In a way that one sentence says way to much about your prejudices and width
of view.


It's not a prejudice, Arny. If anything, it is a "postjudice", if, indeed, there were such
a word. I've heard this stuff all my life, and I've always loathed it. Even as a teen,
I eschewed it. You call it a prejudice and a narrow width of view, I call it "good taste."
8^)

It shows that you perceive rock-and-roll as not being part of your life even
though its actually so pervasive that it is such a big part of your life
that you apparently can't restrain yourself from knocking it and trying to
separate yourself from it seemingly every change you get.


You certainly can't avoid it. It IS, as you say, very pervasive. I hear it in the
supermarket, coming from other peoples' apartments, their cars on the street
etc. It's even used as theme songs for popular TV shows. I feel that your right
to contribute to the downfall of Western Civilization by listening to this crap,
ends where my ears begin.

You seem
to see my attack on the use of rock music as an evaluation tool as an
attack on the music itself in spite of the fact that I've said over and
over that my personal disdain for the genre has nothing to do with my
assessment of it as a tool for reviewers.


Denial ain't just a river in Egypt and absence of evidence is not the same
as evidence of absence.


I think I've explained myself sufficiently for most people to realize that my
criteria for evaluation is not based on genre, but rather in recording
practices associated with some genres. Apparently, you haven't been following
this thread too closely, or you too would have gathered that.

And remember, I also include
"pop" in that criticism which includes country-and-western, as well as
most jazz.


More evidence of an incredibly narrow and short-sighted viewpoint.
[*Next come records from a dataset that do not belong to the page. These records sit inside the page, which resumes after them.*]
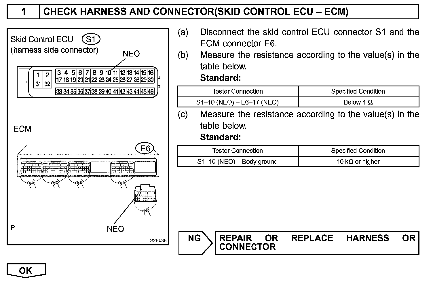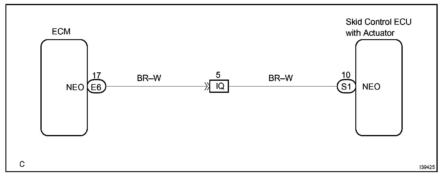The skid control ECU receives engine revolution speed signals (NE signals) from the ECM.
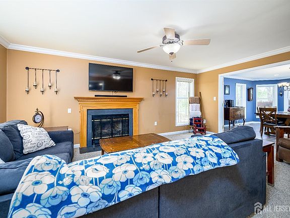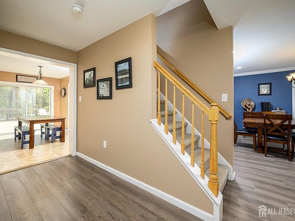 Discover this gorgeous 3 bedroom, 2.5 bath home, located on a semi-private drive. Relax & unwind on the inviting front porch. This welcoming outdoor space is a perfect way to begin or end your day and invites you to savor the tranquility of your front yard with U shaped driveway. Step inside and be greeted by a warm and inviting entryway with full sized coat closet. The main level features an open floor plan with a family room that showcases a wood burning fireplace and French doors that enter the formal dining room. The first floor also has a second large room for entertaining that can be updated to your liking, along with a separate laundry area. The open kitchen has an island and a sliding door out to the oversized deck. This fully fenced, wooded backyard is perfect for entertaining or just relaxing. With such a large level lot, there is plenty of room for a pool, basketball or tennis courts too. Possibility of subdividing as well. The spacious primary suite upstairs includes a dressing area, dual vanity, oversized closet and attached En-suite with Jacuzzi tub and separate shower. The second floor bedrooms and hallway were updated in 2022 with new carpet. The finished basement provides additional living space...a gym, home office, home theatre, men's den, playroom...whatever your needs might be. NEW roof in 2022. Enjoy the benefits of the Blue Ribbon school system in Spotswood. Conveniently located near schools, shopping and NYC bus & train lines. This home is sure to exceed your expectations and provide a warm and welcoming atmosphere for years to come. Don't miss the opportunity to own a truly exceptional property that combines style, comfort, and functionality.
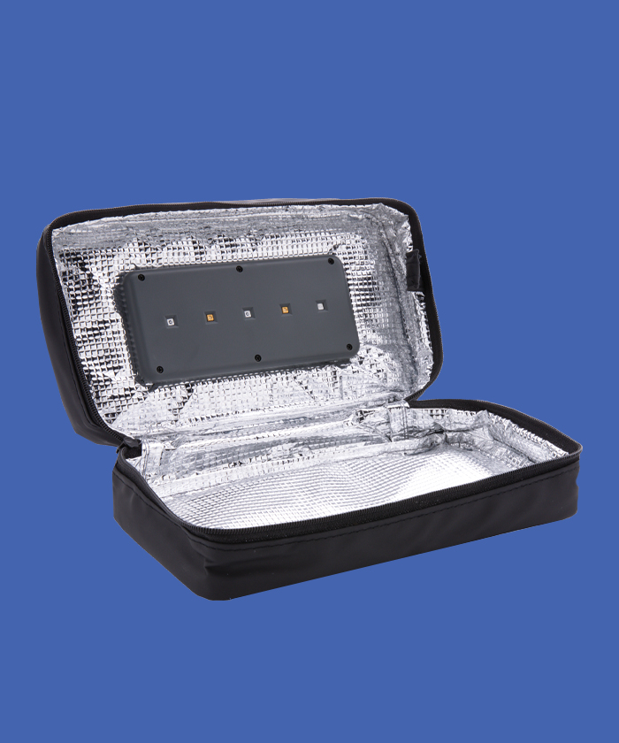 La conception garantit également que la lumière LED UV-C s'éteint automatiquement lorsque la poche de stérilisation est verrouillée par la fermeture à glissière et la fermeture magnétique, afin que l'utilisateur ne soit pas exposé à la lumière UV-C

What can I tell you? Studio-produced music is studio produced music. The above
statement by me is merely more evidence that my criticism is with the production
processes, not the music itself.

I like jazz and I listen to it, but I wouldn't use it solely
as a review tool.


Since so many people listen to rock, jazz, country western, and pop its hard
to explain how one can review audio gear without sampling them.


It's easy. I use acoustical instruments playing in real space where the space the
instruments occupy is captured stereophonically, not just the instrument itself
captured monophonically and pan-potted into a "sound stage".

One could argue that these genres are actually so similar in terms of
technical requirements for good reproduction that using any of them is
analogous with using all of them, but that doesn't seem to be the thrust of
the comments I'm responding to.


That's true. It why I lump them together as "pop".